● ACTION ITEM: The full set of entries is to be printed exactly, with pictures excluded.

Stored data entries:
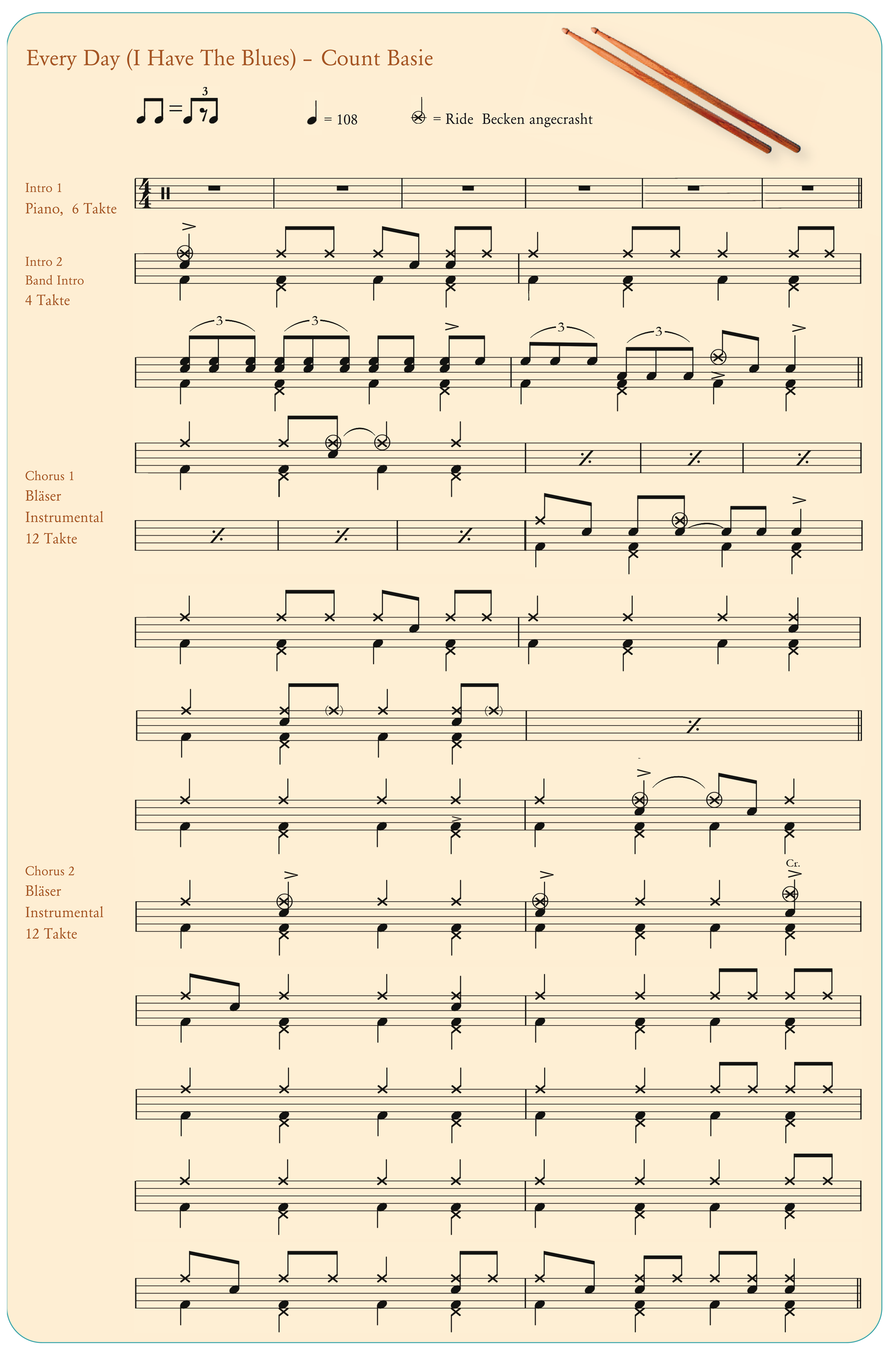 Ein kurzes Schlagzeugsolo als Intro, bestehend aus Achteltriolen in einer Einzelschlag- und Pressroll-Kombination auf der Snare sorgt für einen mitreißenden Einstieg in den Song. Ursprünglich hervorgegangen aus der Militärmusik, dem sogenannten Lockmarsch (der „Locke“) wurde diese Technik im frühen New Orleans Jazz dem „triolischen Feel“ angepasst und später von Buddy Rich und Gene Krupa mit den raffiniertesten Akzentverschiebungen zu einem der spektakulären Markenzeichen des hochentwickelten Bigband Drumming der 30er und 40er Jahre (siehe Notenzeile drei und vier in der Abbildung).
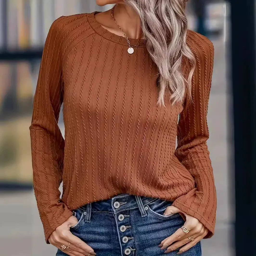Women's T-shirt – Ribbed – Relaxed Fit – Long Sleeves – Round Neck
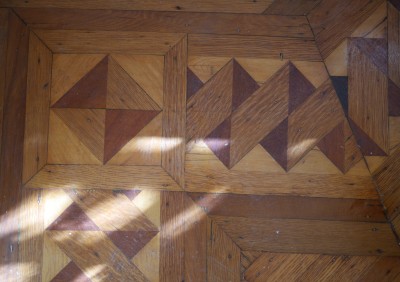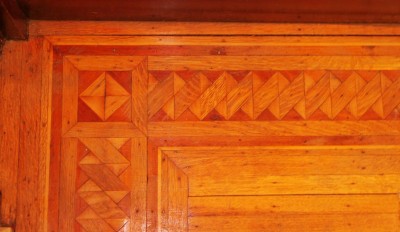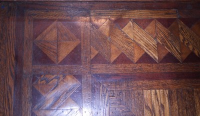 A different corner. Ribbons are 2-1/2" wide. Pattern border is 7". Surrounded by 1-1/2" oak, 1/2" mahogany, 1-3/4" oak. Inner field is 2" slats laid diagonally.
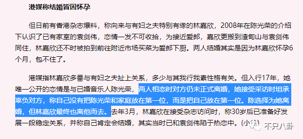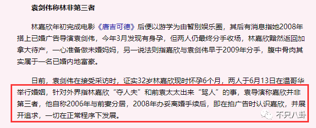 当初有人质疑林嘉欣是“小三”上位,袁剑伟发妻长居北京,林嘉欣趁虚而入,但无论是袁剑伟还是林嘉欣都严词否认这种说法。
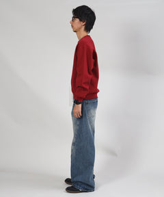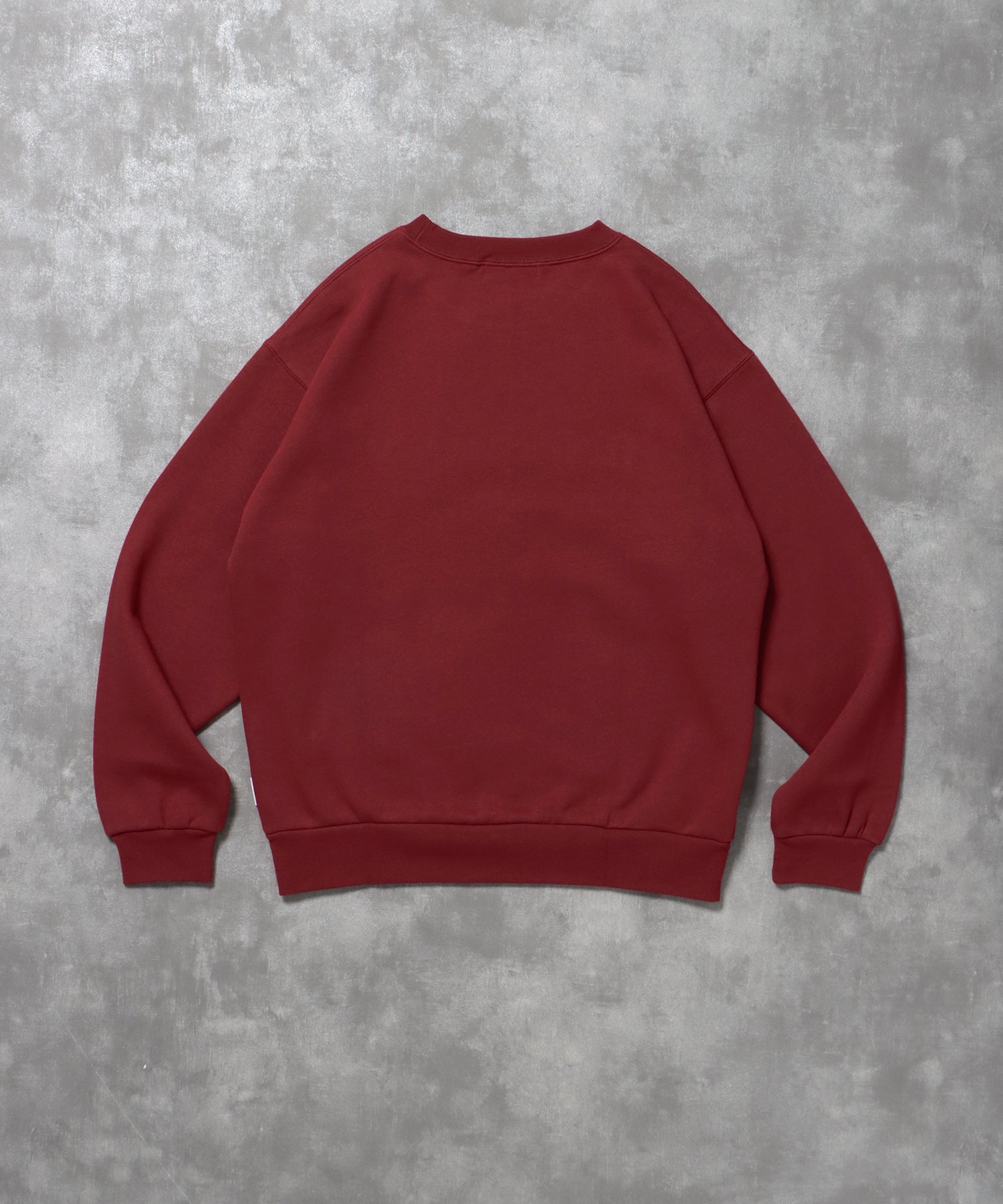 ヘビーウエイトセンターデカロゴ刺繍スウェット / スウェット トレーナー 刺繍 裏起毛 クルーネック ワンポイント ワイン

● EXPECTED ANSWER:
 Ein kurzes Schlagzeugsolo als Intro, bestehend aus Achteltriolen in einer Einzelschlag- und Pressroll-Kombination auf der Snare sorgt für einen mitreißenden Einstieg in den Song. Ursprünglich hervorgegangen aus der Militärmusik, dem sogenannten Lockmarsch (der „Locke“) wurde diese Technik im frühen New Orleans Jazz dem „triolischen Feel“ angepasst und später von Buddy Rich und Gene Krupa mit den raffiniertesten Akzentverschiebungen zu einem der spektakulären Markenzeichen des hochentwickelten Bigband Drumming der 30er und 40er Jahre (siehe Notenzeile drei und vier in der Abbildung).
Women's T-shirt – Ribbed – Relaxed Fit – Long Sleeves – Round Neck
 A different corner. Ribbons are 2-1/2" wide. Pattern border is 7". Surrounded by 1-1/2" oak, 1/2" mahogany, 1-3/4" oak. Inner field is 2" slats laid diagonally.
 当初有人质疑林嘉欣是“小三”上位,袁剑伟发妻长居北京,林嘉欣趁虚而入,但无论是袁剑伟还是林嘉欣都严词否认这种说法。
 ヘビーウエイトセンターデカロゴ刺繍スウェット / スウェット トレーナー 刺繍 裏起毛 クルーネック ワンポイント ワイン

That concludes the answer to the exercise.